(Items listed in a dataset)

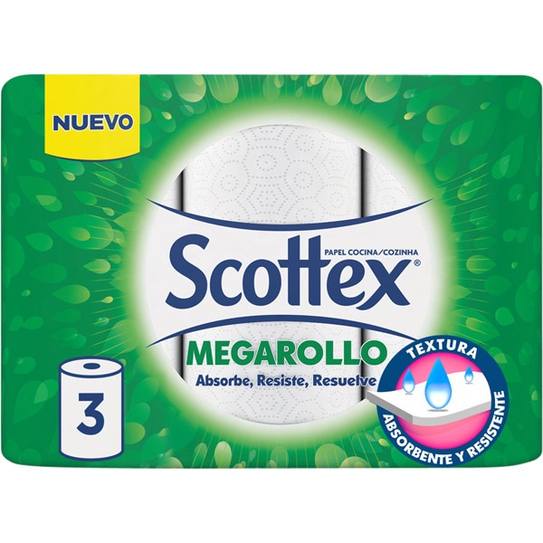 ROLLO COCINA SCOTTEX MEGA 2 CAPAS 3 ROLLOS
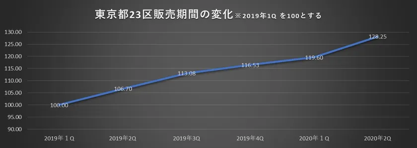 東京都23区全域における2020年第一・第二四半期の中古不動産販売期間は昨年同月比で平均19.01%の長期化が見られました。長期化の傾向は、2019年10月前後から起こり始め2020年第二四半期まで続いています。これは、消費税増税にコロナ禍が輪をかけ、経済的な要因で購買需要を減速させているからと考えられます。(※購買需要が減少すると、各物件に対する購入客が減少する為、売却の機会も減少し、その分販売期間が長期化する。)
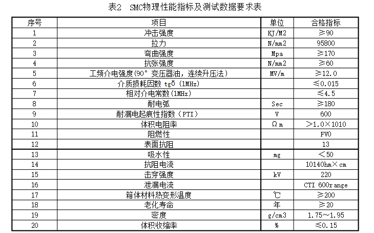 2.3.1分支箱外殼選用S304不銹鋼資料,箱體、門體資料厚度均不該小于2毫米,或SMC復合資料箱體,SMC物理功能指標及測試數據滿意表2的要求。
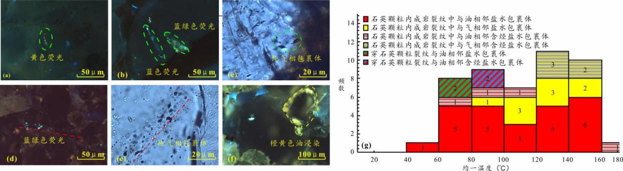 图1储层包裹体显微照片(a-f)与烃类包裹体伴生(含烃)盐水包裹体均一温度分布图(g)
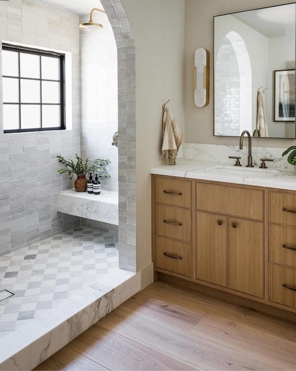 2026 bathroom trends are all about natural materials, including wood vanity cabinets and woven lighting, so I also recommend adding in a few natural elements, as well as interesting textures via rugs, towels, decor, mirrors, window coverings, and light fixtures.

=== What to produce ===
Give again, word for word, each line from the one holding "图1储层包裹体显微照片(a-f)与烃类包" through the end of the entries, and leave out any picture.

=== Task output ===
 图1储层包裹体显微照片(a-f)与烃类包裹体伴生(含烃)盐水包裹体均一温度分布图(g)
 2026 bathroom trends are all about natural materials, including wood vanity cabinets and woven lighting, so I also recommend adding in a few natural elements, as well as interesting textures via rugs, towels, decor, mirrors, window coverings, and light fixtures.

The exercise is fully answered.